WORK REQUIRED:
Below are the records; give again exactly the lines from the one containing "Μπούστο με παγιέτα. Φερμουάρ στην πλάτη." through the one containing "Women Checkered Zip Closure Jacket", leaving out pictures.

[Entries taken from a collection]
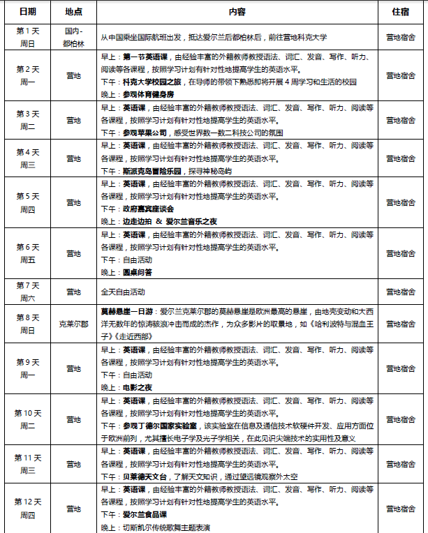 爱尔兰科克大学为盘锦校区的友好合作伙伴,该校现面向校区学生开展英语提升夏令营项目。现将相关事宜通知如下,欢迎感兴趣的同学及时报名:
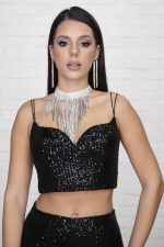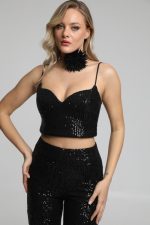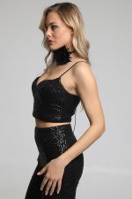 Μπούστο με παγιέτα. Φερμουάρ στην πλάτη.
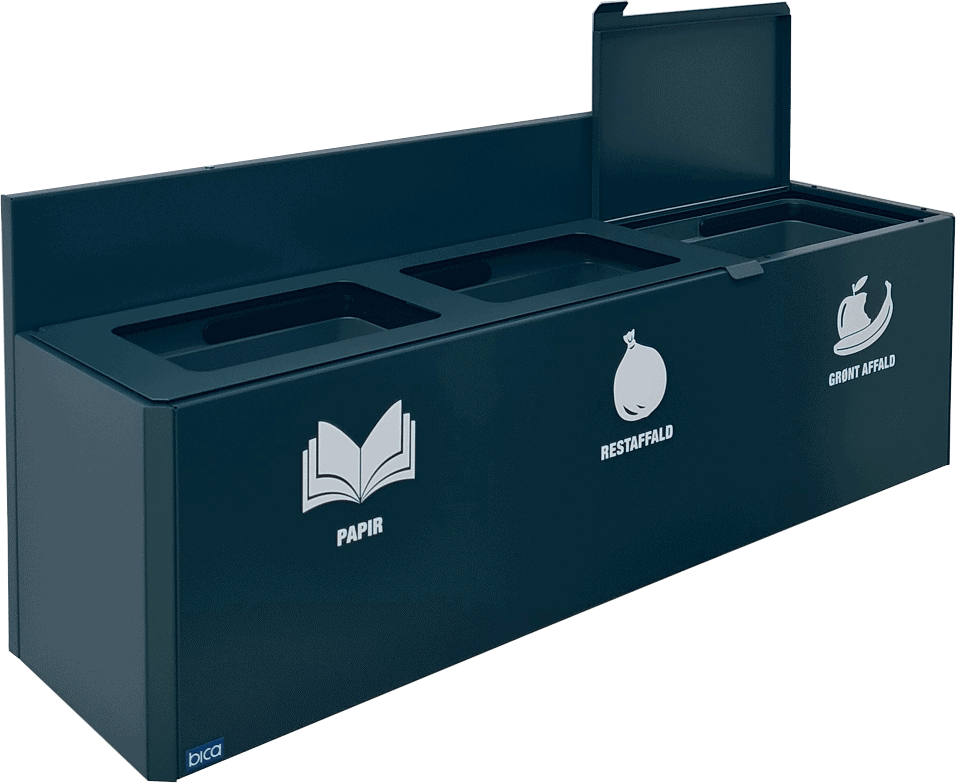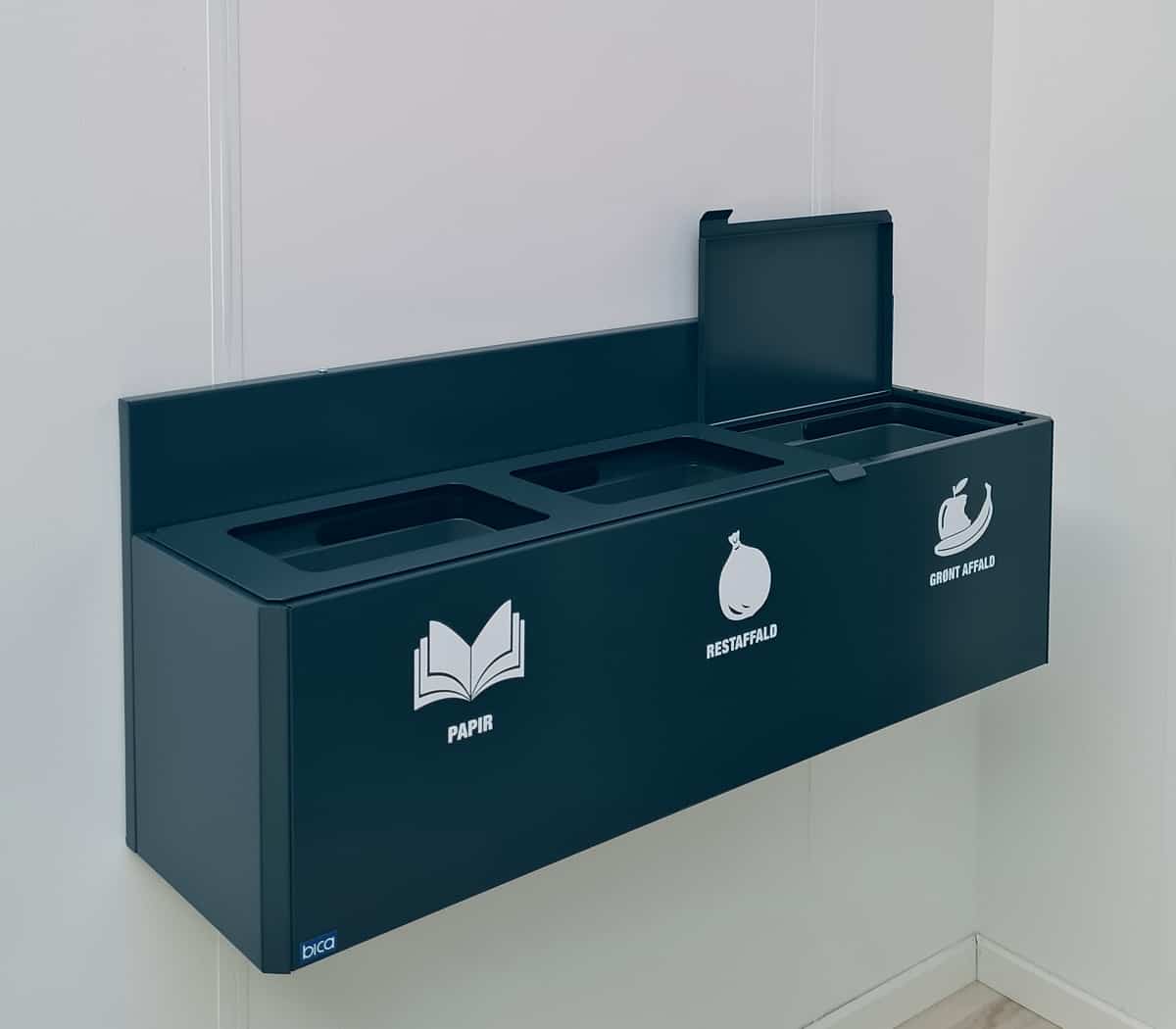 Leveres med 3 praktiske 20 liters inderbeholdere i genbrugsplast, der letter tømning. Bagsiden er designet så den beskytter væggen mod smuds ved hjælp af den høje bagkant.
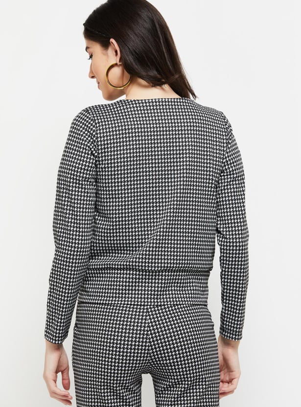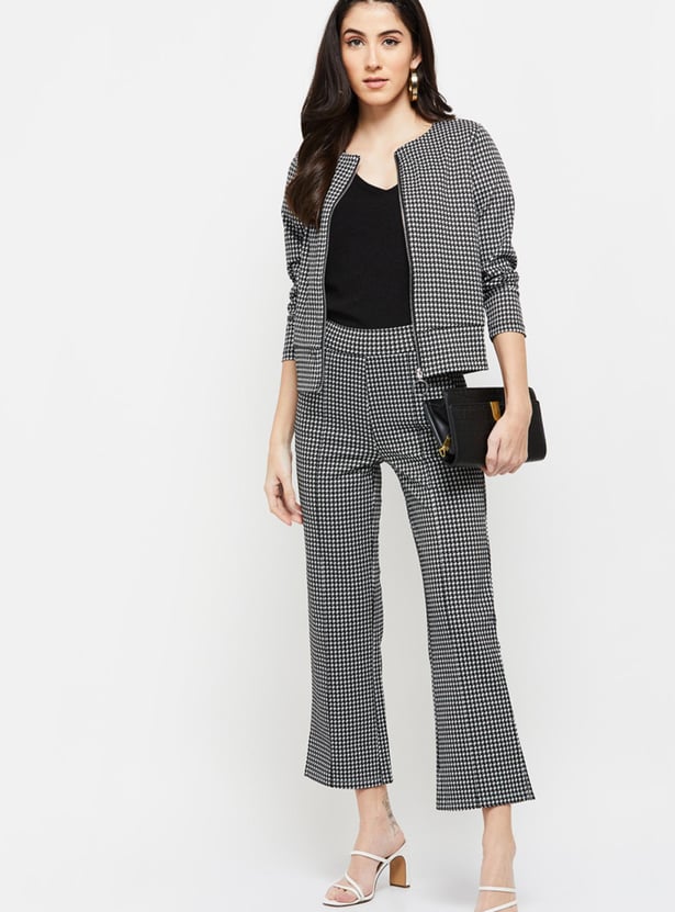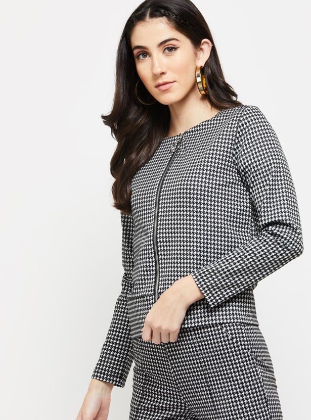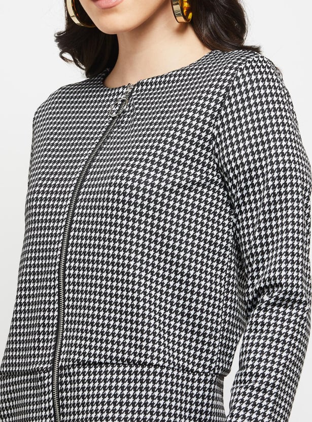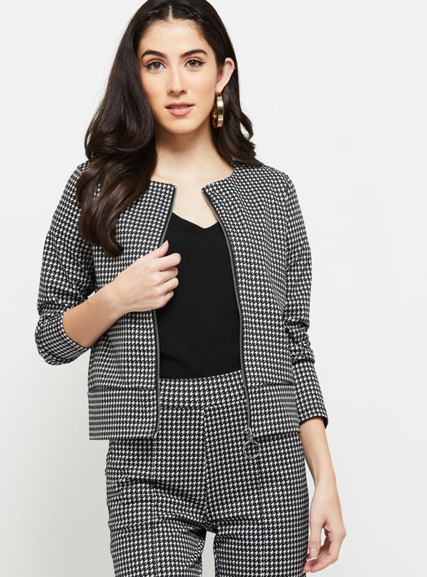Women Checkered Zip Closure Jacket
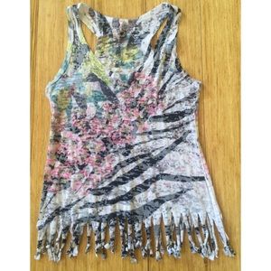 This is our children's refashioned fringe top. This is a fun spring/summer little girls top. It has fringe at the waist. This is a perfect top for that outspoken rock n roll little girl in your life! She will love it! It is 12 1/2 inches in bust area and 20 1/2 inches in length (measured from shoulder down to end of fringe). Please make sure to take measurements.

YOUR SOLUTION:
 Μπούστο με παγιέτα. Φερμουάρ στην πλάτη.
 Leveres med 3 praktiske 20 liters inderbeholdere i genbrugsplast, der letter tømning. Bagsiden er designet så den beskytter væggen mod smuds ved hjælp af den høje bagkant.
Women Checkered Zip Closure Jacket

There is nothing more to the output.